That said, late binding is wonderfully useful. Late binding is the only thing supported by older COM classes and OLE applications. Almost every new commercial application and COM class supports both late and early binding. (They often have what are called "dual" interfaces, meaning they support both. For more information, see the sidebar "Dual Interfaces.") You can think of late binding as the lowest common denominator of COM programming, to which almost every object will respond. So if you can program a late binding client application, you can automate almost anything you like. In fact, certain modern-day scripting environments, such as Sybase's PowerBuilder or Microsoft's ASP, can use only late binding.

Early Binding

Early binding is the method of choice if you know, at compile time, how the COM class you wish to automate is defined. In simple C++ terms, this means you have header files (or a type library) for the object so that the compiler can resolve references to it at compile time. (This "header" is actually more than the traditional C++ class declaration. It contains all the RPC (Remote Procedure Call) plumbing that makes DCOM work. (It can also be generated by your client via a type library, but we'll get into that later.) Method calls invoked using early binding are orders of magnitude faster than late binding calls. To take advantage of early binding you may also need a proxy-stub DLL (also discussed later).

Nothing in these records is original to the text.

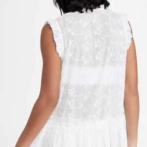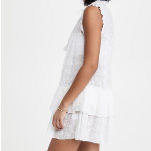 Subtle eyelet patterning, delicate ruffles, and a layered skirt bring a touch of understated romance to this bright-white Playa Lucila cover-up mini dress.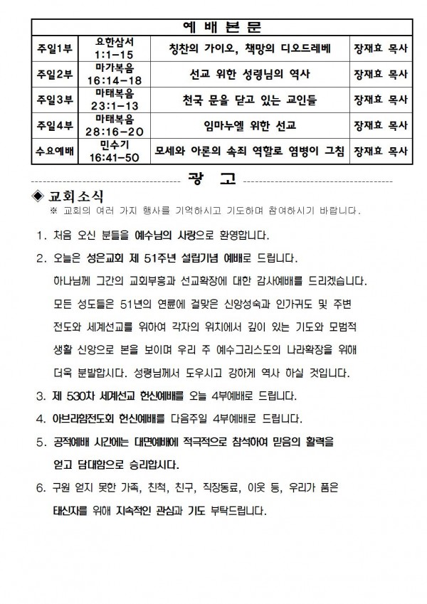 2021년 10월 3일 예배본문 & 교회소식 페이지 정보 작성자 성은교회 작성일21-10-01 11:41 조회6,229회 관련링크 이전글 다음글 목록 본문 2021년 10월 3일 예배본문 & 교회소식 이전글 다음글 목록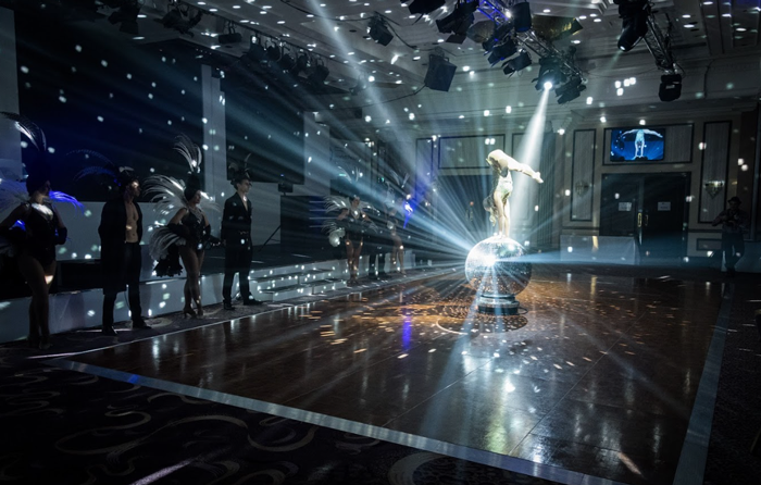Un numero di contorsionismo unico, ricco di movimenti audaci, fascino e luccichio, riflette la luce per riempire l'intera stanza creando uno spettacolo straordinario che ferma il pubblico.

To sum up, early binding is faster, more efficient, and far easier to program. Additionally, with early binding your compiler can type check for you, making an early-bound client application very similar to a traditional C++ application that instantiates and uses a third-party C++ class.

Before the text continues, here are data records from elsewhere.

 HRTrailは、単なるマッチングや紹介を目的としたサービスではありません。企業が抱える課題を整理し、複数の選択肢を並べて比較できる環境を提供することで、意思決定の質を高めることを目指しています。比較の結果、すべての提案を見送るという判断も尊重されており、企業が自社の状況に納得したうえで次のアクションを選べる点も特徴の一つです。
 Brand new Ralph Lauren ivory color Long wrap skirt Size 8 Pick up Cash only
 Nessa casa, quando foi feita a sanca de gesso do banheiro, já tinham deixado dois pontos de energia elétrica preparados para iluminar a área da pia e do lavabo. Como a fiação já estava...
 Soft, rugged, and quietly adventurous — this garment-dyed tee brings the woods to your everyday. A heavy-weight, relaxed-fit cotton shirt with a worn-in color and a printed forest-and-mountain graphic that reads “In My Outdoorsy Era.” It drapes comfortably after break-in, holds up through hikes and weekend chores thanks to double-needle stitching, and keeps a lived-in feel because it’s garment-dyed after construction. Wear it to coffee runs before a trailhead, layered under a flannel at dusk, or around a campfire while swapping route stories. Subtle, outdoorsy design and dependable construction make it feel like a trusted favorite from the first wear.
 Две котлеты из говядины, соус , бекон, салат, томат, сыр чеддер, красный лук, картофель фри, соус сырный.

Building a Late-Binding Client

It's time to put these concepts into action and create a client application based on late binding. Doing that requires a better understanding of COM marshaling, and the dispatch mechanism behind late binding. So I'll focus on these items first.

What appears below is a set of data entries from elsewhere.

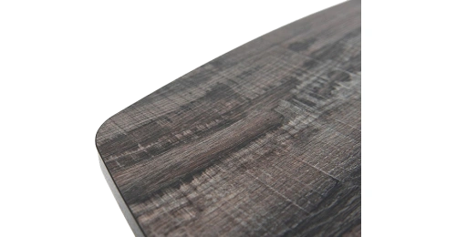 Кухонный стол «Милан» ПМ со столешницей из премиум пластика, цвета «Дерево темное» с черными опорами. Стол раздвижной, механизм раскладки — синхронный с подъемным механизмом, причем покрытие вкладыша так же изготовлено из пластика, что позволяет столу не терять эстетический вид даже в разложенном варианте.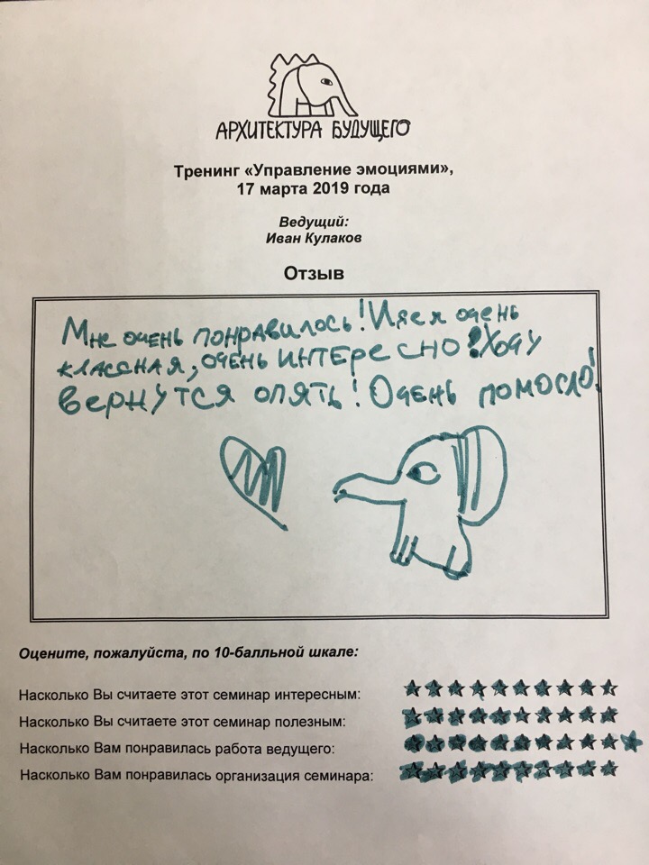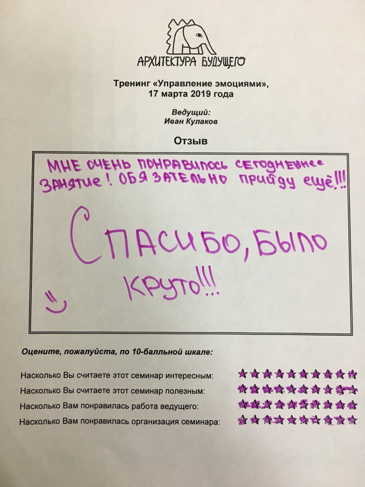 Отзыв№ 2: Семинар актуальный, интересный, полезный. Удачное сочетание теоретической и практической части. Атмосфера семинара доброжелательная, открытая. Спасибо))) Успехов!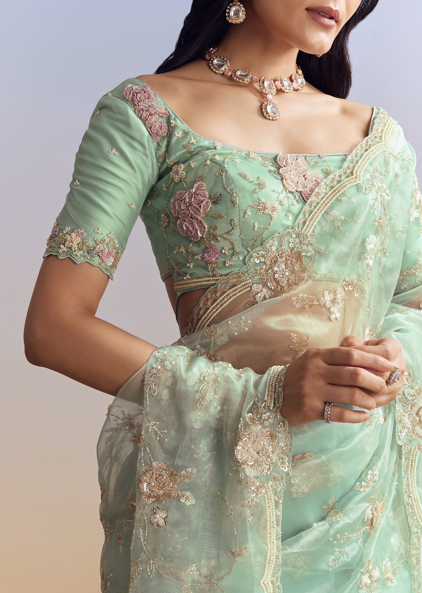 Organza saree in a soft sky blue shade featuring all-over floral jaal embroidery using cutdana, sequins, and beads. Comes with a matching embroidered blouse. Includes an unstitched blouse. Best suited for Engagement and Reception events. Awarded as the Most Trusted Brand, we're delivering styles you love, just as promised.

IDispatch: The Mechanics of Late Binding

As I stated earlier, COM itself knows how to marshal late binding methods and arguments from a client to a remote COM object on a different machine. As a preliminary to understanding, imagine what kind of things such a mechanism would need to do. First, it would need to know what methods and arguments the remote object/application supported. Since no header file would be available, the mechanism could not instantiate any kind of proxy class in the client application. If such a proxy class existed, it could call the client's methods on the real object residing on the server. Instead, the only information available would typically be a paper manual or a help file — but with late binding that's actually enough.

The first hurdle to jump is that the C++ compiler will yell at us if we try to call a method for which there's no formal declaration, such as:

ISomeInterface->SomeFunctionNotDeclaredOnClient()

We need another way to call this function. Suppose there was a standard, system-wide, special interface, for which a header file did exist, that enabled a client to "dispatch" the method invocation to the remote object as a string. Something like:

ILateBinding->
  RemoteInvokeMethodByStringName
  ("SomeFunctionNotDeclaredOnClient")

(This may make you cringe, but it would certainly get the compiler off our back.) It's easy to imagine that the remote object could support the ILateBinding interface with a switch/case statement to interpret the call. It isn't efficient, but it does look like it will work. All that remains are the function arguments. How can we send them?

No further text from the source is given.